Der lebensrettende Eingriff hat den Preis einer Zuckerkrankheit, mit der Frau Lutz jedoch mühelos zurecht kommt.Nachdem sie sich von den aufwändigen Operationen bestens erholt hatte, stand nur noch eine letzte Operation an: die linke Nebenniere. Auch sie war tumorös verändert und musste zum Ausschluss einer Bösartigkeit entfernt werden. Dies gelang über eine Schlüsselloch- (minimalinvasive) Operation im Oktober 2016 vom Rücken aus.

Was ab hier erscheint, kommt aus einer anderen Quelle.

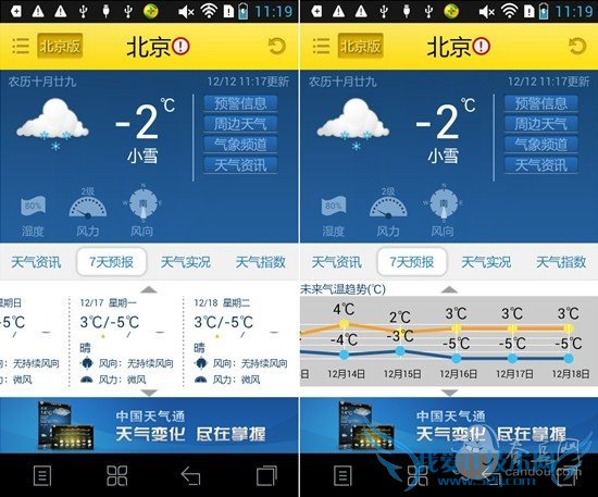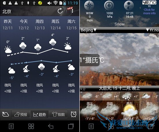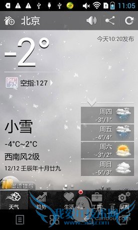 到了单位,小编发现自己手机上的天气应用居然还显示的是目前阴天,要知道外面的地上可都白了好不好!于是小编决定,借着今天适宜的条件,咱们正好来评测一下Android平台上常用的天气软件,看看究竟哪款才能让我们真正做到“尽知天象”。

Schon am übernächsten Tag konnte die Patientin das Krankenhaus geheilt verlassen. Im Körper von Frau Lutz können sich zwar wieder Tumore bilden, aber die gefährlichsten Orte, wie die Bauchspeicheldrüse, der Zwölffingerdarm, die Nebenschilddrüsen und die linke Nebenniere sind entfernt.

Eines hat sich Frau Lutz ganz fest vorgenommen: Ab jetzt will sie regelmäßig zu Kontrolluntersuchungen gehen.